The SQLite commands to create the schema are as follows:

create table machines_to_users (
host text unique not null,
users text not null);

insert into machines_to_users values (
    '192.168.17.1', 'johanna,matthias,seth');
insert into machines_to_users values (
    '192.168.17.2', 'johanna');
insert into machines_to_users values (
    '192.168.17.3', 'seth,matthias');

After creating a file called hosts.sqlite with this content, we can read the resulting table into Zeek:

type Idx: record {
   host: addr;
};

type Val: record {
   users: set[string];
};

global hostslist: table[addr] of Val = table();

event zeek_init()
   {
   Input::add_table([$source="/var/db/hosts",
       $name="hosts",
       $idx=Idx,
       $val=Val,
       $destination=hostslist,
       $reader=Input::READER_SQLITE,
       $config=table(["query"] = "select * from machines_to_users;")
       ]);

   Input::remove("hosts");
   }

event Input::end_of_data(name: string, source: string)
   {
   if ( name != "hosts" )
       return;

   # now all data is in the table
   print "Hosts list has been successfully imported";

   # List the users of one host.
   print hostslist[192.168.17.1]$users;
   }

The hostslist table can now be used to check host logins against an available user list.

Turning Data into Events

The second mode is to use the SQLite reader to output the input data as events.
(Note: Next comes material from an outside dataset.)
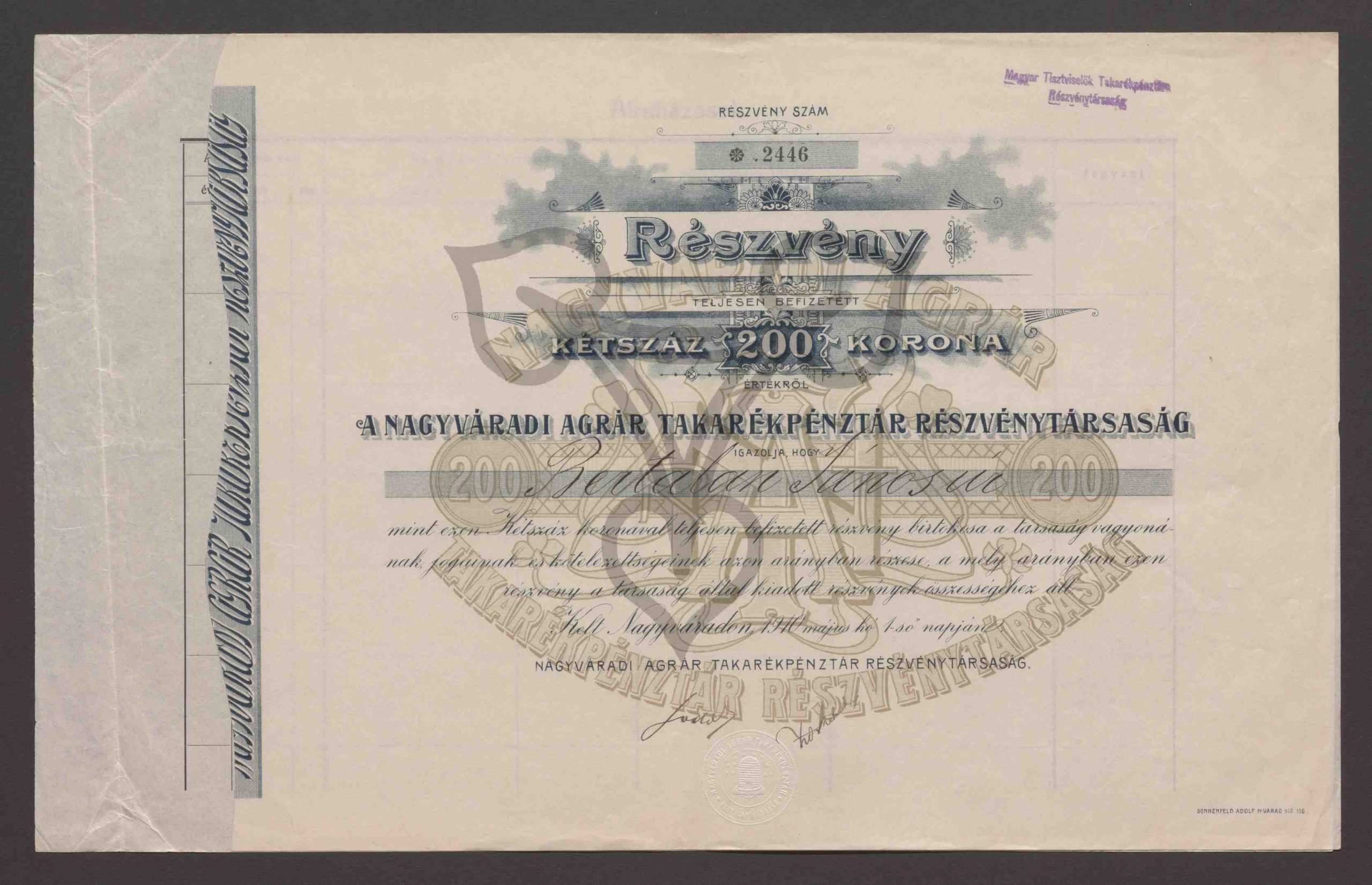 Originaltitel: Részvény. Kétszáz 200 Koronáról. Részvény Szám 2446

Typically there are two reasons to do this. First, the structure of the input data is too complicated for a direct table import. In this case, the data can be read into an event which can then create the necessary data structures in Zeek in scriptland. Second, the dataset is too big to hold in memory. In this case, event-driven ingestion can perform checks on-demand.
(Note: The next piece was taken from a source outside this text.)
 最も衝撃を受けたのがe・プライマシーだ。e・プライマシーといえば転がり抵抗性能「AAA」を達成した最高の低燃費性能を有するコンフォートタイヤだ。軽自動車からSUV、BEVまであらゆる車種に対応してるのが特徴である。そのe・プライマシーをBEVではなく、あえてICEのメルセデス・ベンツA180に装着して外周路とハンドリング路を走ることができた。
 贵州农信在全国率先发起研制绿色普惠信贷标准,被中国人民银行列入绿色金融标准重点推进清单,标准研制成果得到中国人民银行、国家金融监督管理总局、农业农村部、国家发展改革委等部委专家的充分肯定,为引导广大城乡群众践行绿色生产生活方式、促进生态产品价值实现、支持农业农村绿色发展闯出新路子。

As an example, let’s consider a large database with malware hashes. Live database queries allow us to cross-check sporadically occurring downloads against this evolving database. The SQLite commands to create the schema are as follows:

create table malware_hashes (
    hash text unique not null,
    description text not null);

insert into malware_hashes values ('86f7e437faa5a7fce15d1ddcb9eaeaea377667b8', 'malware a');
insert into malware_hashes values ('e9d71f5ee7c92d6dc9e92ffdad17b8bd49418f98', 'malware b');
insert into malware_hashes values ('84a516841ba77a5b4648de2cd0dfcb30ea46dbb4', 'malware c');
insert into malware_hashes values ('3c363836cf4e16666669a25da280a1865c2d2874', 'malware d');
insert into malware_hashes values ('58e6b3a414a1e090dfc6029add0f3555ccba127f', 'malware e');
insert into malware_hashes values ('4a0a19218e082a343a1b17e5333409af9d98f0f5', 'malware f');
insert into malware_hashes values ('54fd1711209fb1c0781092374132c66e79e2241b', 'malware g');
insert into malware_hashes values ('27d5482eebd075de44389774fce28c69f45c8a75', 'malware h');
insert into malware_hashes values ('73f45106968ff8dc51fba105fa91306af1ff6666', 'ftp-trace');

The following code uses the file-analysis framework to get the sha1 hashes of files that are transmitted over the network. For each hash, a SQL-query runs against SQLite. If the query returns a result, we output the matching hash.
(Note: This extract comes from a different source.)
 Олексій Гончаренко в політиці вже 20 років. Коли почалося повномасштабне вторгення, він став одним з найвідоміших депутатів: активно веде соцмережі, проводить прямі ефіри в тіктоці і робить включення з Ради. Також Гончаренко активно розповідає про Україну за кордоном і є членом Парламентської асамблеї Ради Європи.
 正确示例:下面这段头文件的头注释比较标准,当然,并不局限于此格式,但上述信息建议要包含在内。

@load frameworks/files/hash-all-files

type Val: record {
   hash: string;
   description: string;
};

event line(description: Input::EventDescription, tpe: Input::Event, r: Val)
   {
   print fmt("malware-hit with hash %s, description %s", r$hash, r$description);
   }

global malware_source = "/var/db/malware";

event file_hash(f: fa_file, kind: string, hash: string)
   {

   # check all sha1 hashes
   if ( kind=="sha1" )
       {
       Input::add_event(
           [
           $source=malware_source,
           $name=hash,
           $fields=Val,
           $ev=line,
           $want_record=T,
           $config=table(
               ["query"] = fmt("select * from malware_hashes where hash='%s';", hash)
               ),
           $reader=Input::READER_SQLITE
           ]);
       }
   }

event Input::end_of_data(name: string, source:string)
   {
   if ( source == malware_source )
       Input::remove(name);
   }

If you run this script against the trace in testing/btest/Traces/ftp/ipv4.trace, you will get one hit.